Jeff Dellow
In painting I have an approach to open-ended composition with a view to integrating various elements into a pictorial field of development. This gradually allows the identity of the work to emerge. It is itself but relationships may also have implications in my experience. The identity of the work, its light and colour arises out of working with the materiality of the paint, the inferences of this process extends my awareness of form and experience.
Jeff Dellow 2020
In a recent catalogue Visual Stream essay, Matthew Macaulay wrote:
Dellow thinks about painting. He sees a parallel between this playful method and Gilles Deleuze’s concept of the actual and virtual.

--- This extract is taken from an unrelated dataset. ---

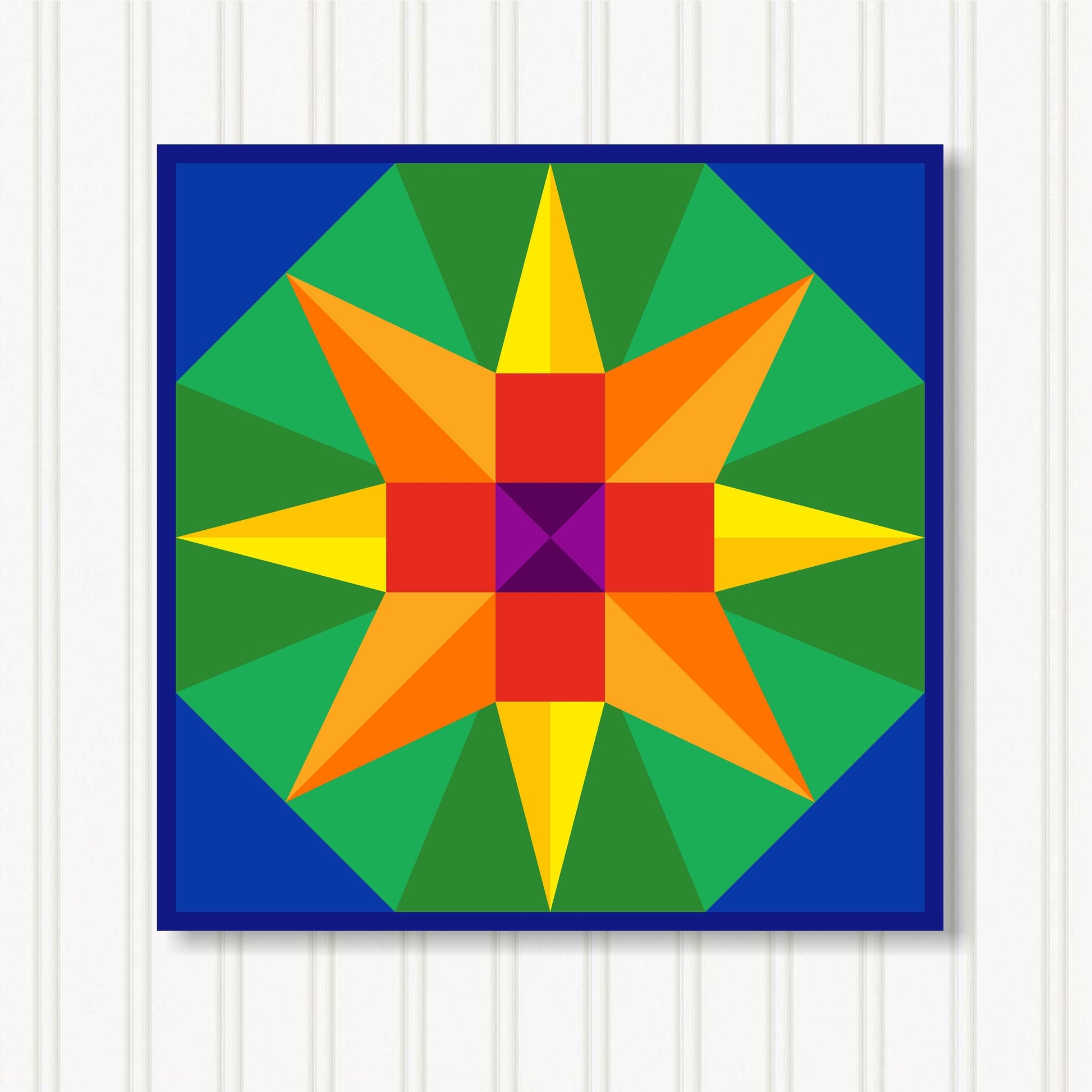Our indoor barn quilts are crafted from 3/4" particle board which makes them thick and sturdy. The Barn Quilt Indoor Canvas Squares and printed with UV Ink on archival canvas that creates a beautiful satin finish. The canvas is stretched around the board and finished with museum quality edges. We include hangers on the back of our barn quilt canvases for mounting them on the wall.

He suggests that the ‘actual’ contains alternative possibilities of how the painting could be developed or improved, these are ‘virtual’ ideas and give way to a ‘re-actualizing’ of a developed state. Dellow engages in finding a way to review composition progress, and finds that “this is often a way of refreshing the intention of the work.” He feels that there are similarities in this imaginative process with Karl Popper’s ideas of the growth of knowledge and the process of ‘becoming’ in the thinking of Deleuze.
There is both form and content here; his observations and experiences are knitted deeply into the fabric of the paintings he makes.
Jeff Dellow is a member of the London Group he has been painting for more than 40 years in London. He studied at St.Martins, Maidstone and Slade followed by the Cheltenham Fellowship. He was appointed as a Principal Lecturer in Fine Art and has curated and exhibited internationally. He was a founding member of Art in Perpetuity Trust and his studio is currently based there.